Waiman Long longman at redhat.com
Fri Aug 4 09:41:42 PDT 2023 

On 8/4/23 12:29, Will Deacon wrote:
> On Wed, Aug 02, 2023 at 09:44:58PM -0400, Waiman Long wrote:
>> On 8/2/23 21:37, Waiman Long wrote:
>>> On 7/28/23 11:06, Will Deacon wrote:
>>>> On Fri, Jul 21, 2023 at 11:17:28PM -0400, Waiman Long wrote:
>>>>> The following circular locking dependency was reported when running
>>>>> cpus online/offline test on an arm64 system.
>>>>>
>>>>> [   84.195923] Chain exists of:
>>>>>                    dmc620_pmu_irqs_lock --> cpu_hotplug_lock -->
>>>>> cpuhp_state-down
>>>>>
>>>>> [   84.207305]  Possible unsafe locking scenario:
>>>>>
>>>>> [   84.213212]        CPU0                    CPU1
>>>>> [   84.217729]        ----                    ----
>>>>> [   84.222247]   lock(cpuhp_state-down);
>>>>> [   84.225899] lock(cpu_hotplug_lock);
>>>>> [   84.232068] lock(cpuhp_state-down);
>>>>> [   84.238237]   lock(dmc620_pmu_irqs_lock);
>>>>> [   84.242236]
>>>>>                   *** DEADLOCK ***
>>>>>
>>>>> The problematic locking order seems to be
>>>>>
>>>>>      lock(dmc620_pmu_irqs_lock) --> lock(cpu_hotplug_lock)
>>>>>
>>>>> This locking order happens when dmc620_pmu_get_irq() is called from
>>>>> dmc620_pmu_device_probe(). Since dmc620_pmu_irqs_lock is used for
>>>>> protecting the dmc620_pmu_irqs structure only, we don't actually need
>>>>> to hold the lock when adding a new instance to the CPU hotplug
>>>>> subsystem.
>>>>>
>>>>> Fix this possible deadlock scenario by releasing the lock before
>>>>> calling cpuhp_state_add_instance_nocalls() and reacquiring it
>>>>> afterward.
>>>>> To avoid the possibility of 2 racing dmc620_pmu_get_irq() calls
>>>>> inserting
>>>>> duplicated dmc620_pmu_irq structures with the same irq number, a dummy
>>>>> entry is inserted before releasing the lock which will block a
>>>>> competing
>>>>> thread from inserting another irq structure of the same irq number.
>>>>>
>>>>> Suggested-by: Robin Murphy <robin.murphy at arm.com>
>>>>> Signed-off-by: Waiman Long <longman at redhat.com>
>>>>> ---
>>>>>    drivers/perf/arm_dmc620_pmu.c | 28 ++++++++++++++++++++++------
>>>>>    1 file changed, 22 insertions(+), 6 deletions(-)
>>>>>
>>>>> diff --git a/drivers/perf/arm_dmc620_pmu.c
>>>>> b/drivers/perf/arm_dmc620_pmu.c
>>>>> index 9d0f01c4455a..7cafd4dd4522 100644
>>>>> --- a/drivers/perf/arm_dmc620_pmu.c
>>>>> +++ b/drivers/perf/arm_dmc620_pmu.c
>>>>> @@ -76,6 +76,7 @@ struct dmc620_pmu_irq {
>>>>>        refcount_t refcount;
>>>>>        unsigned int irq_num;
>>>>>        unsigned int cpu;
>>>>> +    unsigned int valid;
>>>>>    };
>>>>>      struct dmc620_pmu {
>>>>> @@ -423,9 +424,14 @@ static struct dmc620_pmu_irq
>>>>> *__dmc620_pmu_get_irq(int irq_num)
>>>>>        struct dmc620_pmu_irq *irq;
>>>>>        int ret;
>>>>>    -    list_for_each_entry(irq, &dmc620_pmu_irqs, irqs_node)

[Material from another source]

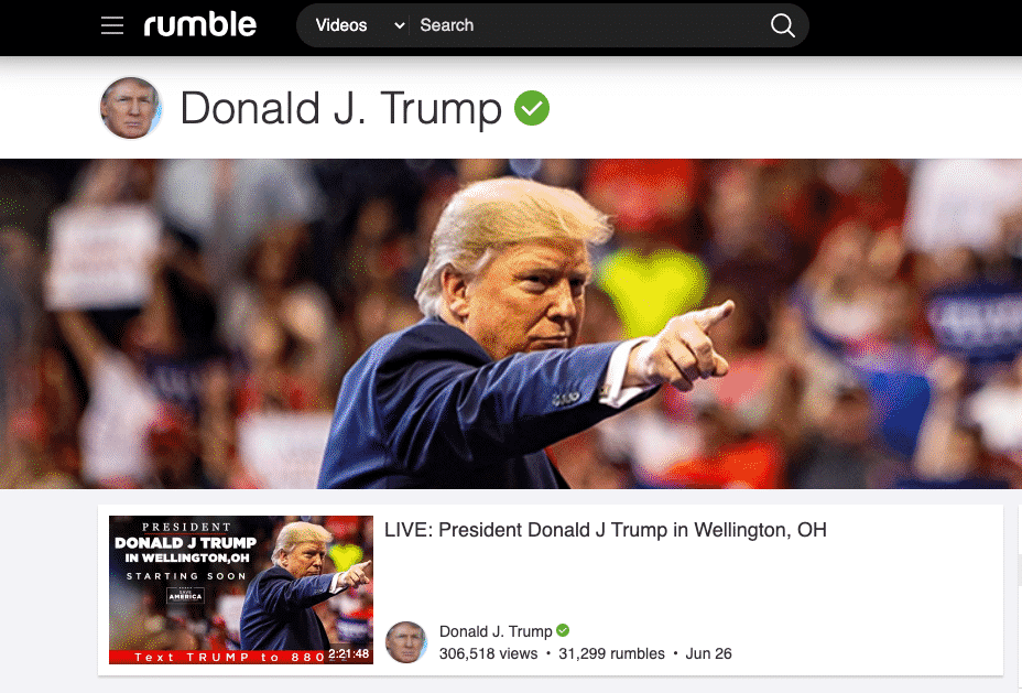 Cựu Tổng thống Donald Trump đã tạo một tài khoản chính thức trên nền tảng chia sẻ video cạnh tranh với YouTube là Rumble.

>>>>> -        if (irq->irq_num == irq_num &&
>>>>> refcount_inc_not_zero(&irq->refcount))
>>>>> +    list_for_each_entry(irq, &dmc620_pmu_irqs, irqs_node) {
>>>>> +        if (irq->irq_num != irq_num)

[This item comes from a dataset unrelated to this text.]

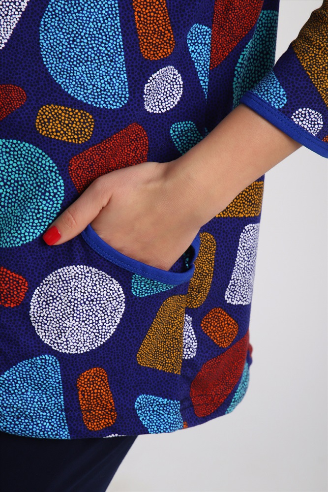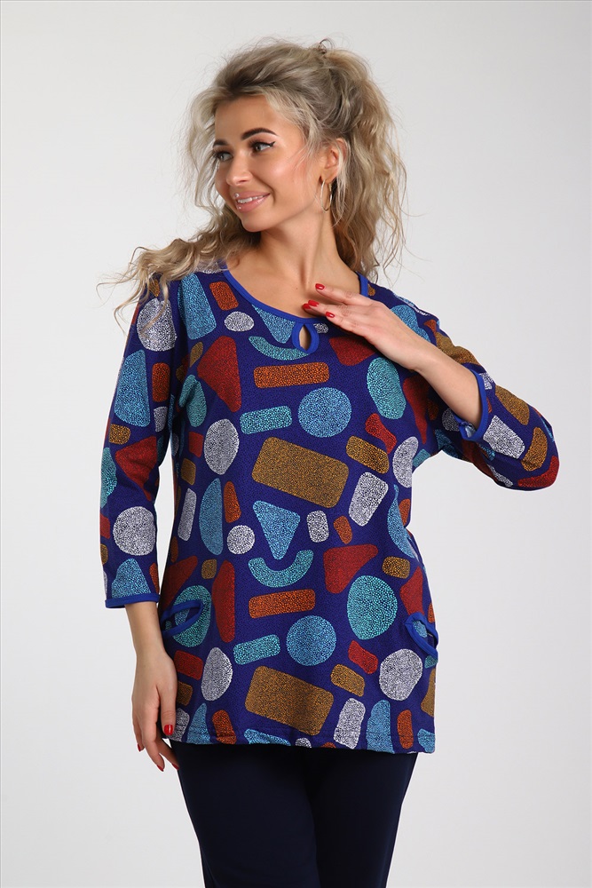 Состав: 100% хлопок Модель: Костюм женский 51094 Тип товара: костюм с бриджами Материал: кулирка | кулирка Бренд: Натали Суслова Карман: боковые Назначение: для дачи | для дома Особенности: на резинке Отделка: с карманами Посадка: высокая посадка Рисунок: геометрия Рукав: рукав 3/4 Сезонность: лето | осень | весна | зима Силуэт: прямой Стиль: домашний Воротник: без воротника Застежка: без застежки Комплект женский из трикотажной кулирки. Кофта с красивым орнаментом-мозаика, рукав 3/4, декоративные элементы капельки на горловине, есть два боковых кармана. Бриджи синие, тоже с карманами. Таблица размеров и весатуника

>>>>> +            continue;
>>>>> +        if (!irq->valid)
>>>>> +            return ERR_PTR(-EAGAIN);    /* Try again later */
>>>> It looks like this can bubble up to the probe() routine. Does the driver
>>>> core handle -EAGAIN coming back from a probe routine?
>>> Right, I should add code to handle this error condition. I think it can
>>> be handled in dmc620_pmu_get_irq(). The important thing is to release
>>> the mutex, wait a few ms and try again. What do you think?
>>>>> +        if (refcount_inc_not_zero(&irq->refcount))
>>>>>                return irq;
>>>>> +    }
>>>>>          irq = kzalloc(sizeof(*irq), GFP_KERNEL);
>>>>>        if (!irq)
>>>>> @@ -447,13 +453,23 @@ static struct dmc620_pmu_irq
>>>>> *__dmc620_pmu_get_irq(int irq_num)
>>>>>        if (ret)
>>>>>            goto out_free_irq;
>>>>>    -    ret = cpuhp_state_add_instance_nocalls(cpuhp_state_num,
>>>>> &irq->node);
>>>>> -    if (ret)
>>>>> -        goto out_free_irq;
>>>>> -
>>>>>        irq->irq_num = irq_num;
>>>>>        list_add(&irq->irqs_node, &dmc620_pmu_irqs);
>>>>>    +    /*
>>>>> +     * Release dmc620_pmu_irqs_lock before calling
>>>>> +     * cpuhp_state_add_instance_nocalls() and reacquire it afterward.
>>>>> +     */
>>>>> +    mutex_unlock(&dmc620_pmu_irqs_lock);
>>>>> +    ret = cpuhp_state_add_instance_nocalls(cpuhp_state_num,
>>>>> &irq->node);
>>>>> +    mutex_lock(&dmc620_pmu_irqs_lock);
>>>>> +
>>>>> +    if (ret) {
>>>>> +        list_del(&irq->irqs_node);
>>>>> +        goto out_free_irq;
>>>>> +    }
>>>>> +
>>>>> +    irq->valid = true;
>>>> Do you actually need a new flag here, or could we use a refcount of zero
>>>> to indicate that the irq descriptor is still being constructed?
>>> A refcount of zero can also mean that an existing irq is about to be
>>> removed. Right? So I don't think we can use that for this purpose.
>>> Besides, there is a 4-byte hole in the structure anyway for arm64.
>> Alternatively, I can use a special reference count value, say -1, to signal
>> that the irq is not valid yet. What do you think?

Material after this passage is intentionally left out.